Calculate the homology group of the simplicial complex $K$ corresponding to the following graph

It is difficult for me to find the $n$-simplex in $K$. Denote $K_n$ as the set of $n$-simplex of $K$, then it is clear that $K_n$ is empty for $n \neq 0,1,2$. For $K_0$, $K_1$ and $K_2$, I considered three possibilities:

  1. $K_2 = \{ [P_0P_1P_4], [P_1P_2P_4], [P_2P_3P_4],[P_0P_1P_2],[P_1P_2P_3] \}$; $K_1 =\{ [P_0P_1], [P_1P_2],[P_2P_3],[P_0P_2],[P_0P_4], [P_2P_4],[P_1P_3],[P_1P_4],[P_3P_4] \}$; $K_0 = \{ [P_0],[P_1],[P_2],[P_3],[P_4] \}$.

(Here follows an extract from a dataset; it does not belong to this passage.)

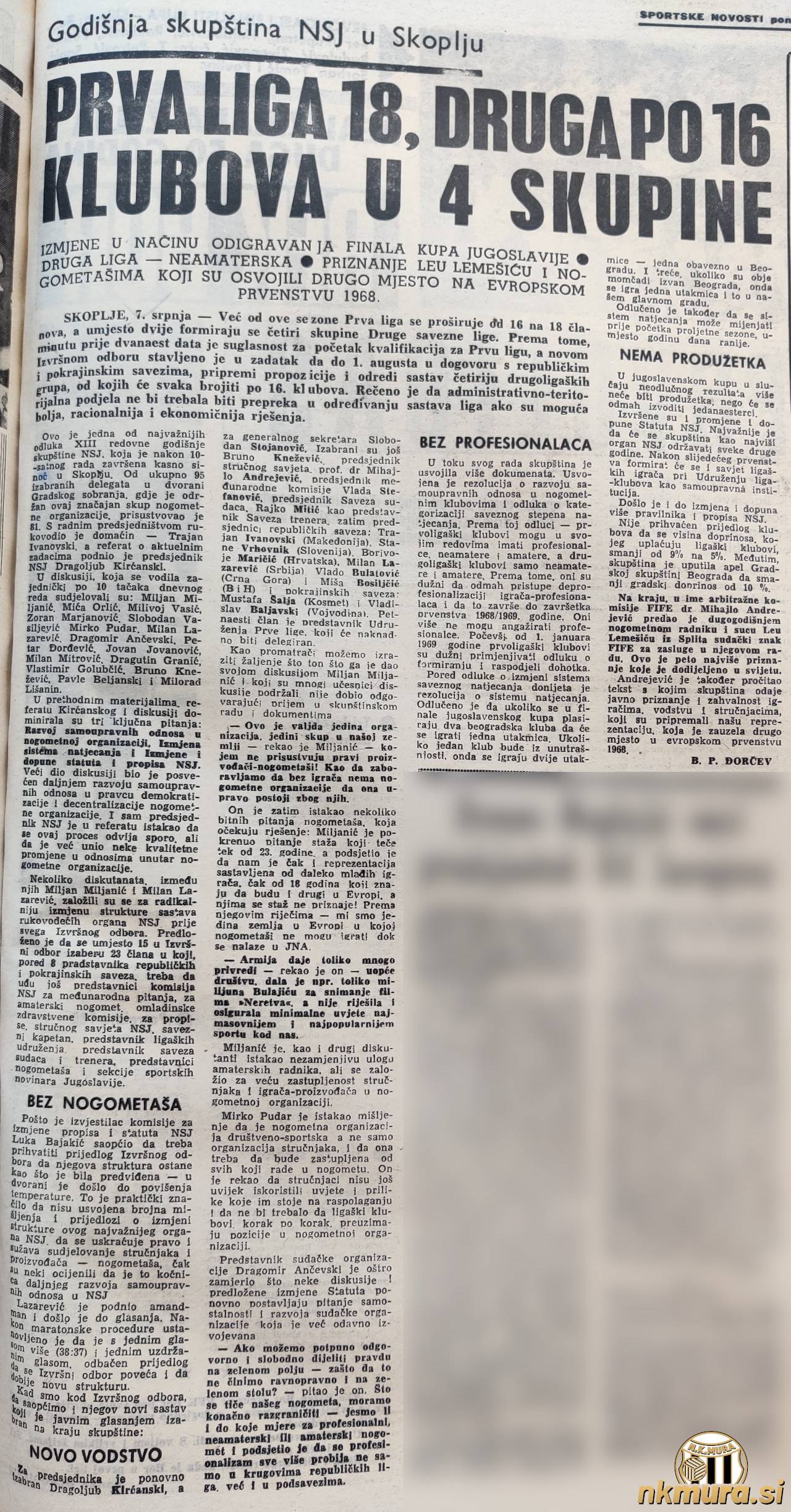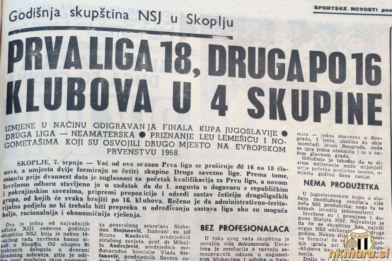 Na letni skupščini Nogometne zveze Jugoslavije v Skopju so sprejeli nekaj sklepov, ki bodo vplivali na tekmovanje v prihodnji sezoni 1968/69. Za Muro je najbolj zanimivo, da se bosta sedanji dve drugi zvezni ligi razdelili na štiri. Po nekaterih indicih bi se naj v drugo ligo neposredno uvrstili prvouvrščeni ekipi SNL, to sta Ljubljana in Mura.

  2. $K_2 = \{ [P_0P_1P_4], [P_1P_2P_4], [P_2P_3P_4] \}$; $K_1 =\{ [P_0P_1], [P_1P_2],[P_2P_3],[P_0P_4], [P_2P_4],[P_1P_4],[P_3P_4] \}$; $K_0 = \{ [P_0],[P_1],[P_2],[P_3],[P_4] \}$.

  3. $K_2 = \{ P_0P_1P_2],[P_1P_2P_3] \}$; $K_1 =\{ [P_0P_1], [P_1P_2],[P_2P_3],[P_0P_2],[P_1P_3] \}$; $K_0 = \{ [P_0],[P_1],[P_2],[P_3] \}$.

All of these had Euler characteristic $1$.

But the answer given in the book says $H_1(K) \cong R^3$, $H_0(K) \cong R$, $H_n(K) = 0$ for other $n$. The Euler characteristic is not $1$, so I was wrong.

Would you please tell me what are the $n$-simplex?

Many thanks!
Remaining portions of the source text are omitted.